Senate debates
Wednesday, 22 June 2011
Parliamentary Representation
Valedictories
5:57 pm
Penny Wong (SA, Australian Labor Party, Minister for Finance and Deregulation) Share this | Hansard source
I thank Senator Joyce for allowing me to speak ahead of him. I join with all my colleagues in wishing all retiring senators well and to say that I hope this next stage in their lives is rewarding and fulfilling. I want to make some very brief remarks tonight focusing on the couple of South Australian colleagues.
Before I do that I want to, because he has spoken tonight, say something about Steve Hutchins. When I came into the Senate I knew Steve Hutchins as one of those scary right-wing hard men. He was not that scary, actually. In fact, I found Steve, as he has demonstrated in the work he has done here as well as in his speech tonight, a right-wing hard man with a compassionate heart. He is also somebody who showed enormous personal courage to be in this place through his illnesses. I wish him and his wife all the very best.
I also wanted to very briefly say something about Senator Nick Minchin, who has been another hard man of the right. I said when I was yesterday publicly asked by journalists to make some comment about Senator Minchin that, despite our differences of views, I think he is a man who keeps his word and honours his beliefs.

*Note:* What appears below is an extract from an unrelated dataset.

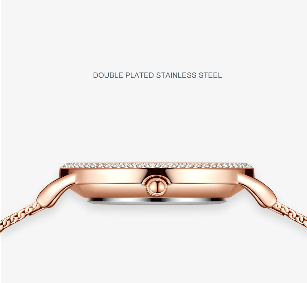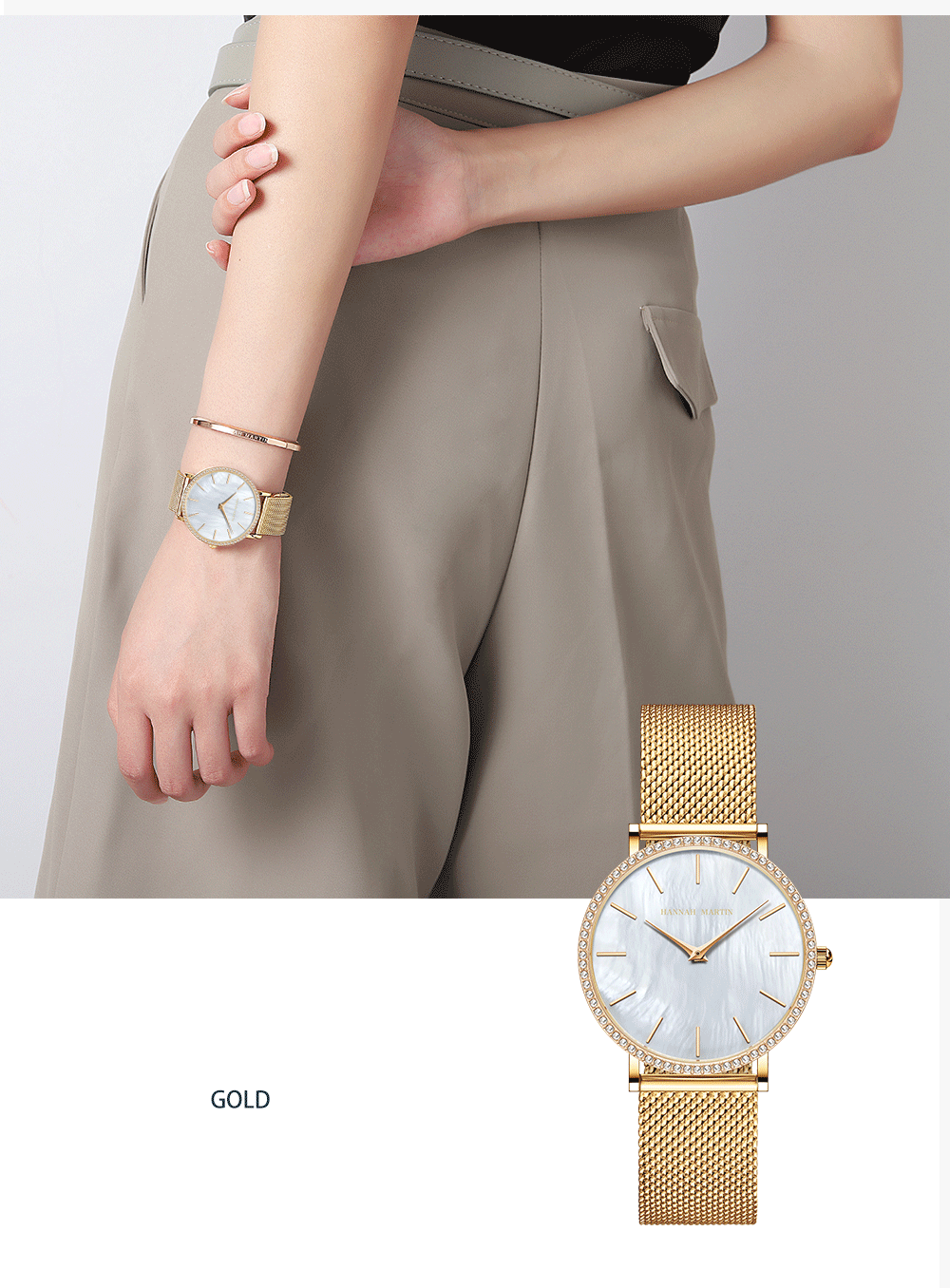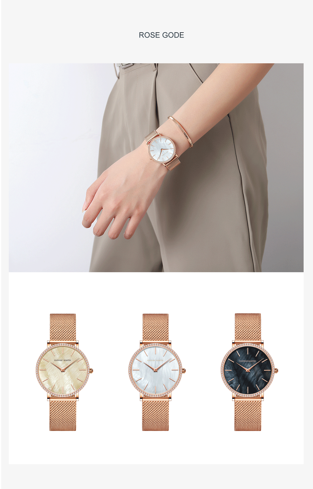 Full Stainless Steel Shell Chain Women's Diamond Shell Surface Quartz Watch
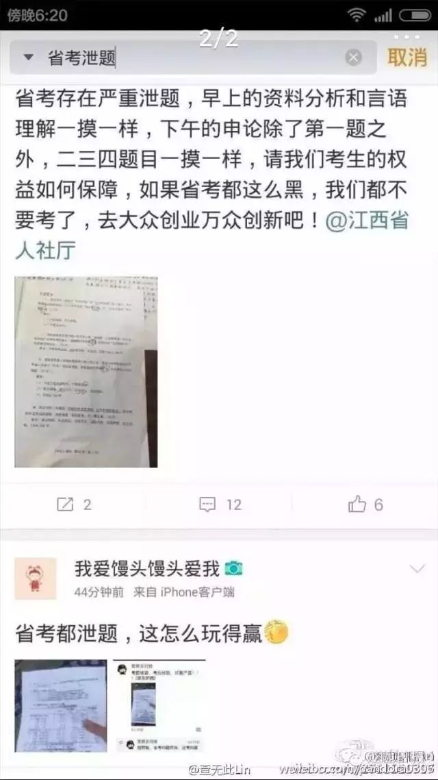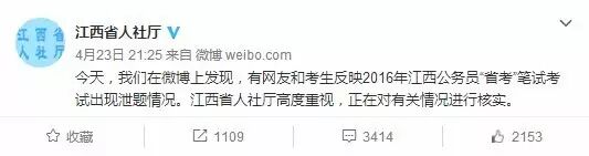 有网友在微博上反映,2016江西“省考”出现泄题,并希望求证严查,保证考生权益。

I sometimes wish he had not fought so hard to honour his beliefs. I certainly wished that at the time he was participating in the rolling of Malcolm Turnbull after Mr Turnbull had done a deal with me—but anyway. That is history. He certainly was very effective, and I wish him all the very best in the future. As a South Australian Labor senator, I want to make some comments in relation to Senator Annette Hurley. It is important to place on record that Senator Hurley is one of the senior figures of South Australian Labor and one of our most senior women. Her achievements have been substantial. She has held a range of positions and some very senior positions, which, I think, confirm the regard with which she is held in the South Australian branch. She has been not only a state member of parliament for many years prior to coming to this place but also deputy leader of our party in the state parliament during some very difficult times for South Australian Labor. It is no small thing to be the deputy leader of the party. She did that job extraordinarily well.
Senator Hurley has brought a number of qualities to her political career which I want to remark on. The first is that, in a profession that is not short of egos, she is somebody who puts her party and her group before herself. A hallmark of her career has been the fact that she has not made it all about her, as I think this profession sometimes causes people to do. She has been intrinsically a team player, both in the South Australian parliament, with the seats that the party has asked her to run for, and also in this place.
The second quality is that she has been extraordinarily calm in some very difficult circumstances. As a minister who has had to appear before the Economics Committee, I have been most grateful for the fact that she has stayed calm and grounded amidst some pretty lively discussion, some of which has been rather public.
So I place on record my personal thanks to Senator Hurley for her contribution to Labor but particularly South Australian Labor, and I also want to ensure that this place recognises that she is a very senior person in South Australia who has made a very significant contribution. I wish her well in the future.
I join with all of my colleagues to wish all of our senators, but particularly our Labor senators—Annette Hurley, Kerry O'Brien, Dana Wortley, Steve Hutchins and Mike Forshaw—all the very best for the future.